What's really being valued here isn't the current business - it's the promise of building within what founder Marc Lotenberg calls "the LVMH economy." It's a bid to be the platform for a certain kind of conspicuous consumption, where getting the reservation is as much about signaling as it is about the meal.
Mario Carbone (who invested in this round) put it pretty directly: "This product is very tailored for our restaurants...This guarantees a customer that's going to indulge." Translation: This guarantees a customer who will spend big to prove they can. Herein lies further tension- “tailored for our restaurants”- meaning tailored for restaurants that have a high end fashion line and develop branded luxury real estate towers.
The irony is that this whole thing really does feel like something straight out of American Psycho. A system where people pay large sums not just for a meal, but for the privilege of being seen as someone who can access the meal. Patrick Bateman would absolutely be a Premium Plus member ($25,000/year). He'd probably expense it to Pierce & Pierce.
This is where it gets darker than just questionable startup economics. Dorsia's rise reflects and amplifies a particularly modern form of inequality. I could also argue that it’s actually a very old form of inequality too—like French Revolution, off with their heads, feudal old. It's not enough that some restaurants are expensive - now there's a whole additional layer of financial gatekeeping just to get in the door. The message is clear: Money can't buy taste, but it can buy access to places where you might pick some up.
And maybe that's the real genius (or cynicism) of naming it Dorsia. In American Psycho, Dorsia represented something Bateman couldn't have, no matter how rich or well-connected he was. In 2024, everything has a price - even exclusivity itself. For $25,000 a year plus minimums, you too can be part of the club.
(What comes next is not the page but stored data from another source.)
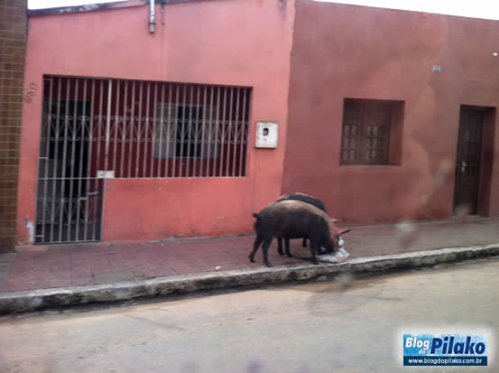 Na manhã de ontem (18) nossas lentes flagraram, mais uma vez, porcos circulando pelas ruas e calçadas no bairro do Cajá. Gostaria apenas de lembrar aos senhores gestores, que porcos e pessoas vivem de forma diferentes, portanto, devem ser criados separados uns dos outros.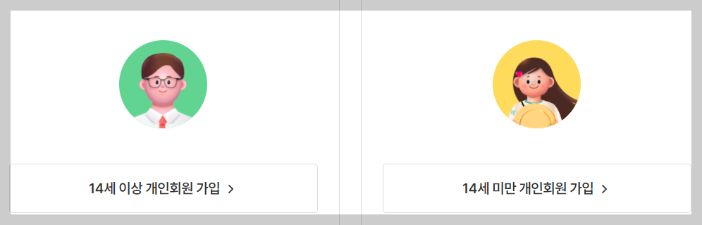 2.14세 이상 회원과 14세 미만 회원 중 본인의 연령에 해당하는 유형을 선택 하십시요. 14세 미만 회원의 경우 법정대리인 동의 절차가 진행됩니다.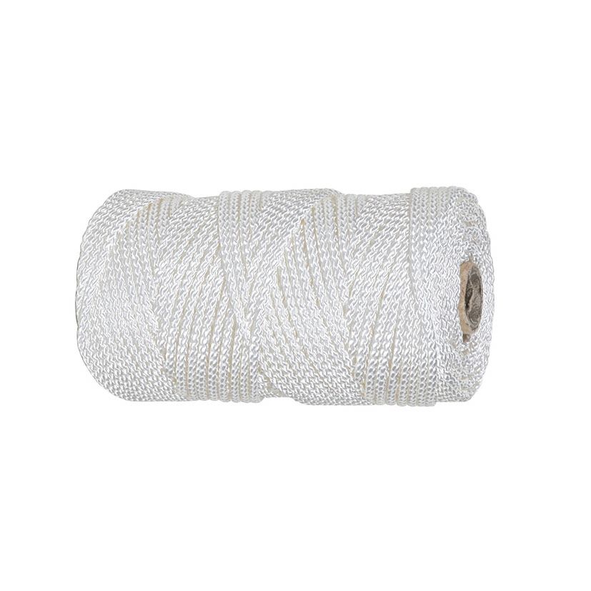 Bobina. Color blanco. Poliamida de alta tenacidad protección solar. Fibra suave y flexible, con gran resistencia a la tracción y al rozamiento, excelente anudabilidad. Aplicaciones: Albañilería, jardinería, horticultura, bricolaje manualidades, paquetería, náutica, deporte, toldos persianas, confección.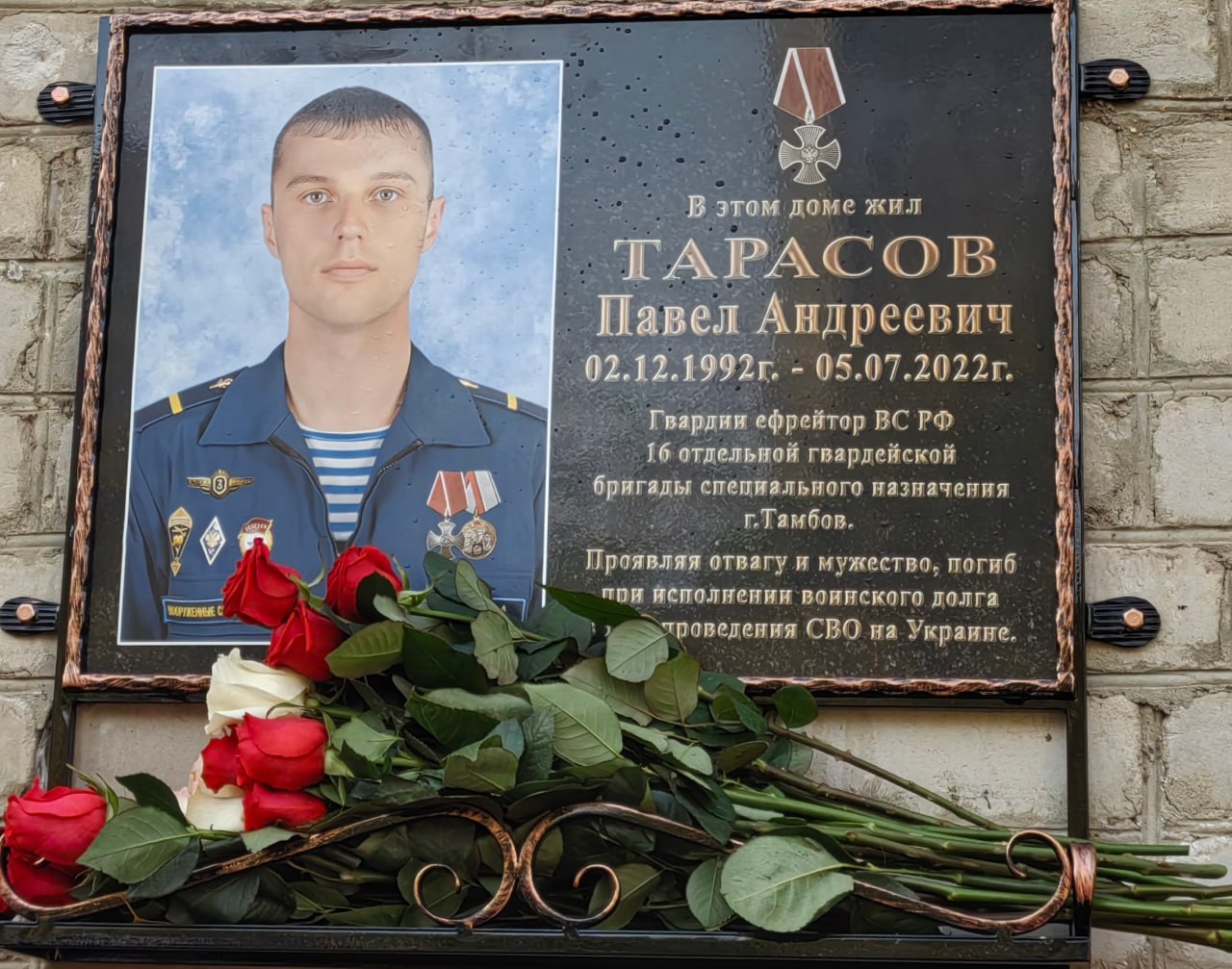 В Тамбове открыли мемориальную доску погибшему бойцу спецоперации Павлу Тарасову

Just don't forget your bone-colored business card with Silian Rail lettering.
The venture capitalists backing Dorsia at a $146M valuation aren't betting on restaurant economics - they've seen those numbers before. They're betting on something much more cynical: the enduring human desire to be part of something exclusive, to be seen as someone who belongs. In a world where a Resy + Amex or Opentable + Visa can still leave you locked out of the hottest tables, they're betting people will pay even more for guaranteed access.
Here's my prediction: By 2030, LVMH owns not just Dorsia but also Major Food Group and many of the other restaurants currently thriving on the platform. It's the natural endpoint - LVMH already bought L'Ami Louis in Paris, showing they understand that controlling both the platform and the experience is the endgame. They'll vertically integrate the entire luxury dining ecosystem, just as they've done with fashion, jewelry, and wine. The irony? They'll probably keep the Dorsia name, not realizing (or perhaps perfectly understanding) that they're naming their dining division after a fictional restaurant that represented the hollowness of status-seeking consumption.
I'm leaving. I've assessed the situation, and I'm going.